In the week since the Centers for Disease Control and Prevention updated its school masking guidance, only one of the region’s largest districts has maintained its indoor masking requirement.

A WESA analysis of the 20 largest school districts in six southwestern Pennsylvania counties found that all but Pittsburgh Public Schools have made masking optional both in buildings and on school transportation.

The CDC’s updated guidance says that schools should require masks only when COVID cases and hospitalizations in the area are high. The shift means the agency recommends that most U.S. school districts are safe to go without masks.
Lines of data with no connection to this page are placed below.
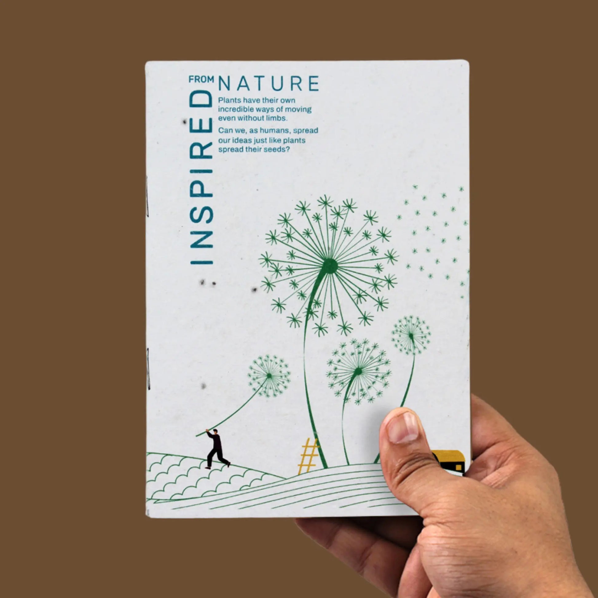 Write with impact using our plantable seed paper notebook in 5"x7" standard format. It comes with 40 ruled pages (80gsm) for smooth writing and a center pin binding for convenience. The cover, made of plantable seed paper, grows into plants when planted, making it more than just a notebook. Compact yet practical, it’s perfect for everyday writing, journaling, or work notes. A thoughtful eco-friendly choice for corporate gifts, conscious stationery lovers, or sustainable lifestyles, this notebook blends luxury, simplicity, and responsibility in one.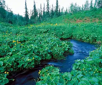 Kuznetsk Alatau is located in the Sayan montane conifer forests ecoregion. This ecoregion covers the middle-elevations of the highest mountains in the Altai-Sayan mountain range of central Asia. It lies between the Siberian taiga to the north, and the Mongolian steppe to the south. The ecoregion is characterized by mountains desiccated with river valleys, high levels of precipitation, and high biodiversity. Flora is generally dependent on the elevation and terrain, with forest having three main subzones based on altitude: light needle-leaf sparse taiga, dark needle-leaf taiga, and dark taiga.[3]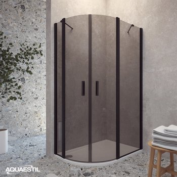 A modern semicircular shower enclosure consisting of two "D" panels with doors. Each panel consists of a hinged door and a fixed section. The enclosure features elegant profiles available in silver, black matte, or white matte finishes and 6 mm tempered glass with a factory-applied anti-scale nano-coating. Magnetic seals and a lift door system ensure excellent functionality and splash protection.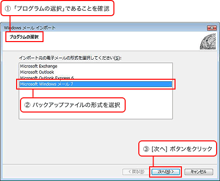 「バックアップ方法」の手順でバックアップした「送受信したメール」を「Windows メール」に復元する方法を紹介します。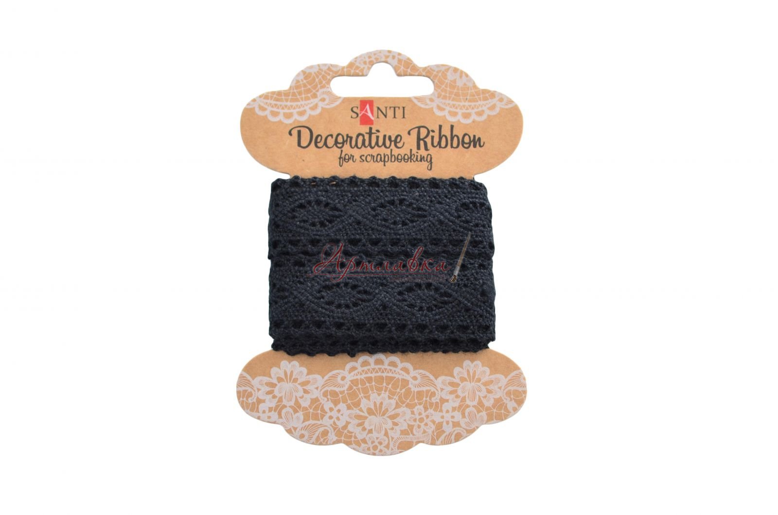 Мереживна чорна стрічка, бавовняна декоративна. Широка- 25 мм, на бобіні в намотуванні 2 метра. Широко використовують тих, хто елают листівок, альбоми в техніку скрапбукінгу, авторскіхе іграшки, дизайнерські сумочки, для прикраси й превтілення предметів одягу й різних виробів, створення затишного стилю.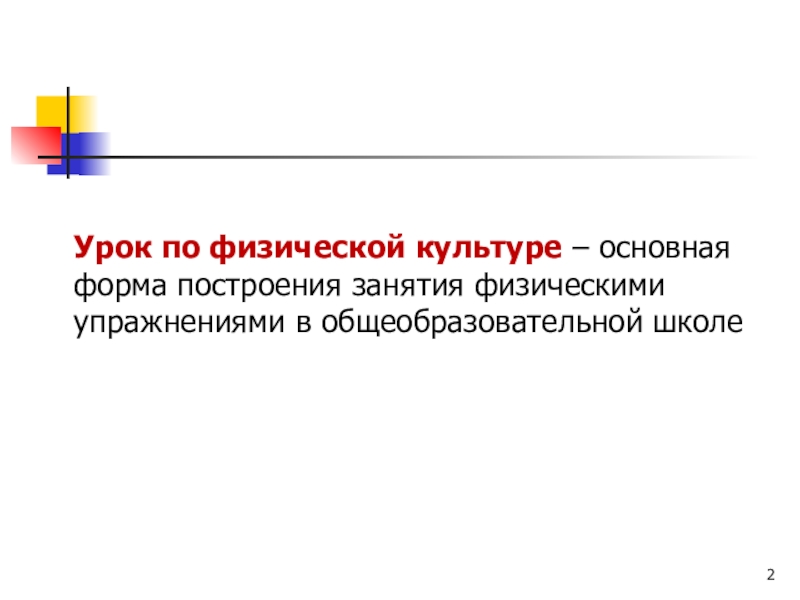 Слайд 2Урок по физической культуре – основная форма построения занятия физическими упражнениями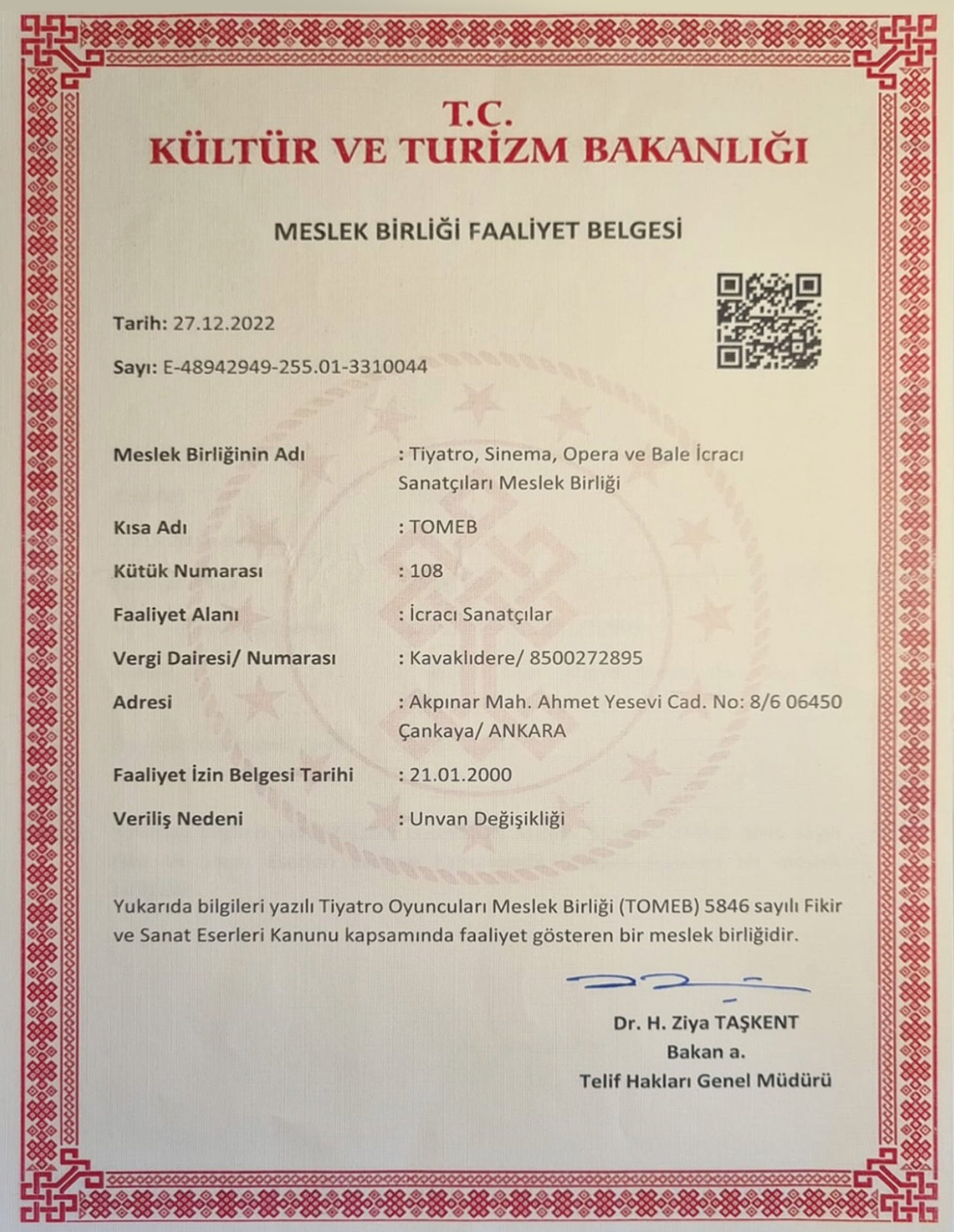 Tiyatro oyunculuğunun bir meslek olarak nitelikli ve iyi koşullarda icra edilmesini sağlamak, tiyatro oyuncularının ortak çıkarlarını korumak, haklarını İzlemek, tespit edilen İcraların izinsiz kullanımından doğan tazminat ile icraların kullanılmasından kaynaklanan gelirlerin tahsilini ve hak sahiplerine dağıtımını sağlamak amacıyla kurulmuş olan TOMEB (Tiyatro Oyuncuları Meslek Birliği) T.C. Kültür ve Turizm Bakanlığı 21 Ocak 2000 tarih ve 12 sayılı makam onayı İle tüzel kişiliğini kazandı.

The state of Pennsylvania had required universal masking in schools from September through December 2021, under an order from then-Acting Secretary of Health Alison Beam. On Dec. 10, the state Supreme Court struck down that order, saying that Beam did not have the legal authority to issue it.

Three days later, Gov. Tom Wolf announced that Beam had resigned her position. She is now the chief government relations officer at UPMC.

In the weeks after the state order was invalidated, Canon-McMillan, Hempfield, Norwin, Penn-Trafford and Greater Latrobe districts made masks optional. In January and February, before the CDC updated its guidance, Armstrong, Pine-Richland and Moon school districts dropped their mandates.

In the last week, Seneca, Butler, Mt. Lebanon, North Hills, Baldwin-Whitehall, Fox Chapel, Peters, Shaler and Bethel Park school districts reversed their mandates.

North Allegheny and Upper St. Clair school districts had sought to make masks optional, but those districts were sued by families who argued their medically vulnerable children’s rights were violated by doing so. Those lawsuits were dismissed on Tuesday as a U.S. district judge said their arguments were moot following the updated CDC guidance.

Many of the districts say masks are “optional” in buildings and on school transportation.

Pittsburgh Public Schools, though, says it will maintain its current masking requirement.

Spokesperson Ebony Pugh said while the district has maintained its masking policy, proposed changes would be brought to the board during its March 16 agenda review meeting. She said that the board is, “expected to vote on the recommendations at its March 23rd legislative meeting.”

This story was updated 3/4/22 to include a comment from Pittsburgh Public Schools.